Operator Architecture

flowchart TB
  User[User] -->|kubectl apply| CR[Custom Resource]
  CR -->|Watch| Controller[Operator Controller]
  Controller -->|Reconcile| Desired[Desired State]
  Desired --> Compare{Compare with
Actual State}
  Compare -->|Different| Action[Take Action]
  Action -->|Create/Update/Delete| K8sResources[K8s Resources
Deployments, Services, PVCs]
  K8sResources --> Controller
  Compare -->|Same| Done[Idle - Wait for Changes]
  
  subgraph OperatorDeployment
    Operator[Operator Pod]
    CRD[CustomResourceDefinition]
    RBAC[RBAC Permissions]
  end
  Controller --> Operator
  CR --> CRD

Implementing a Simple Operator in Python

import kubernetes
from kubernetes import client, config, watch
import time
import json

class SimpleOperator:
    def __init__(self):
        config.load_incluster_config()
        self.custom_api = client.CustomObjectsApi()
        self.apps_api = client.AppsV1Api()

    def reconcile(self, cr):
        name = cr["metadata"]["name"]
        spec = cr.get("spec", {})
        replicas = spec.get("replicas", 1)
        image = spec.get("image", "nginx")

        print(f"Reconciling {name}: {replicas} replicas of {image}")

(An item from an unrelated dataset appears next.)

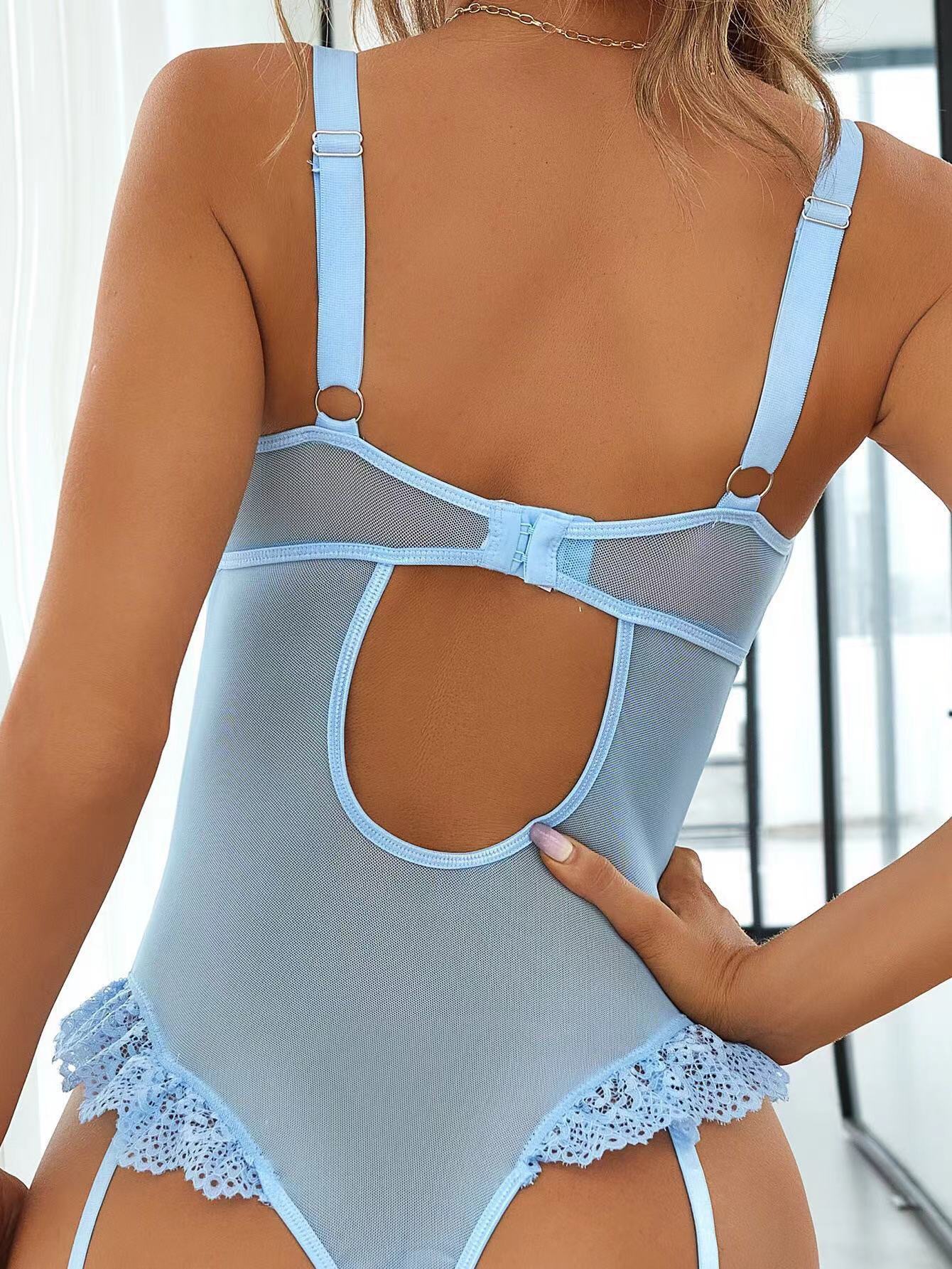 新款欧美女式情趣内衣跨境刺绣蕾丝花边露背三点式性感诱惑连体衣
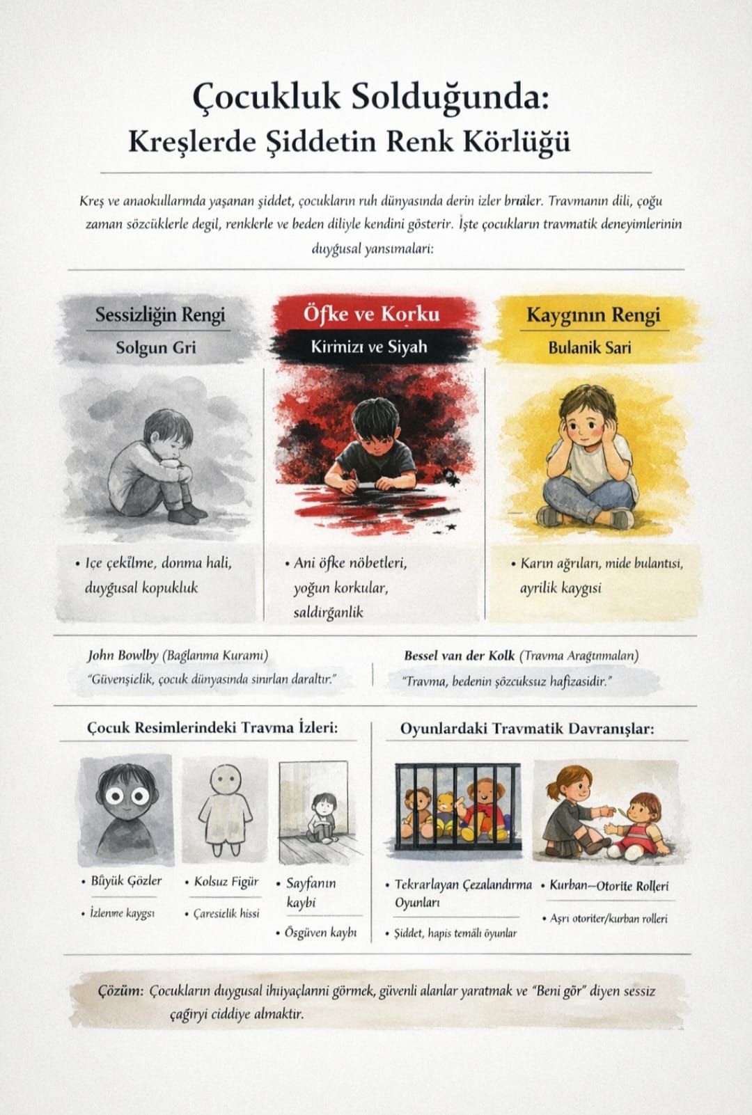Şiddete maruz kalan çocuk çoğu zaman bağırmaz. Aksine sessizleşir. Oyun durur, hayal gücü daralır, bakışlar boşlukta gezinir. John Bowlby’nin bağlanma kuramı, bu geri çekilmeyi bir kopuş olarak değil, çocuğun kendini koruma biçimi olarak tanımlar. Dünya güvenilir olmaktan çıktığında, çocuk da dünyayla arasına mesafe koyar.

        # Check if Deployment exists
        try:
            deploy = self.apps_api.read_namespaced_deployment(
                name, cr["metadata"]["namespace"]
            )
            if deploy.spec.replicas != replicas:
                print(f"Scaling {name} to {replicas}")
                deploy.spec.replicas = replicas
                self.apps_api.patch_namespaced_deployment(
                    name, cr["metadata"]["namespace"], deploy
                )
        except client.exceptions.ApiException as e:
            if e.status == 404:
                print(f"Creating Deployment {name}")
                deploy = client.V1Deployment(
                    metadata=client.V1ObjectMeta(name=name),
                    spec=client.V1DeploymentSpec(
                        replicas=replicas,
                        selector={"matchLabels": {"app": name}},
                        template=client.V1PodTemplateSpec(
                            metadata=client.V1ObjectMeta(
                                labels={"app": name}
                            ),
                            spec=client.V1PodSpec(
                                containers=[
                                    client.V1Container(
                                        name="app",
                                        image=image
                                    )
                                ]
                            )
                        )
                    )
                )
                self.apps_api.create_namespaced_deployment(
                    cr["metadata"]["namespace"], deploy
                )

    def run(self):
        w = watch.Watch()
        for event in w.stream(
            self.custom_api.list_cluster_custom_object,
            "example.com", "v1", "myapps",
            timeout_seconds=0
        ):
            cr = event["object"]
            self.reconcile(cr)

if __name__ == "__main__":
    operator = SimpleOperator()
    operator.run()

CRD Definition

# myapp-crd.yaml
apiVersion: apiextensions.k8s.io/v1
kind: CustomResourceDefinition
metadata:
  name: myapps.example.com
spec:
  group: example.com
  versions:
    - name: v1
      served: true
      storage: true
      schema:
        openAPIV3Schema:
          type: object
          properties:
            spec:
              type: object
              properties:
                replicas:
                  type: integer
                  minimum: 1
                  maximum: 100
                image:
                  type: string
  scope: Namespaced
  names:
    plural: myapps
    singular: myapp
    kind: MyApp
    shortNames:
      - ma

kubectl apply -f myapp-crd.yaml
kubectl get crd | grep myapp

Expected output:

myapps.example.com                       2026-06-24T10:00:00Z

Custom Resource Instance

# myapp-instance.yaml
apiVersion: example.com/v1
kind: MyApp
metadata:
  name: myapp-prod
spec:
  replicas: 3
  image: nginx:1.25

kubectl apply -f myapp-instance.yaml
kubectl get myapp -o wide

Expected output:

NAME         REPLICAS   IMAGE
myapp-prod   3          nginx:1.25

Reconciliation Loop in Go (Kubebuilder)

// controllers/myapp_controller.go

package controllers

import (
    "context"
    appsv1 "k8s.io/api/apps/v1"
    corev1 "k8s.io/api/core/v1"
    "k8s.io/apimachinery/pkg/api/errors"
    metav1 "k8s.io/apimachinery/pkg/apis/meta/v1"
    "k8s.io/apimachinery/pkg/runtime"
    "k8s.io/apimachinery/pkg/types"
    ctrl "sigs.k8s.io/controller-runtime"
    "sigs.k8s.io/controller-runtime/pkg/client"
    "sigs.k8s.io/controller-runtime/pkg/log"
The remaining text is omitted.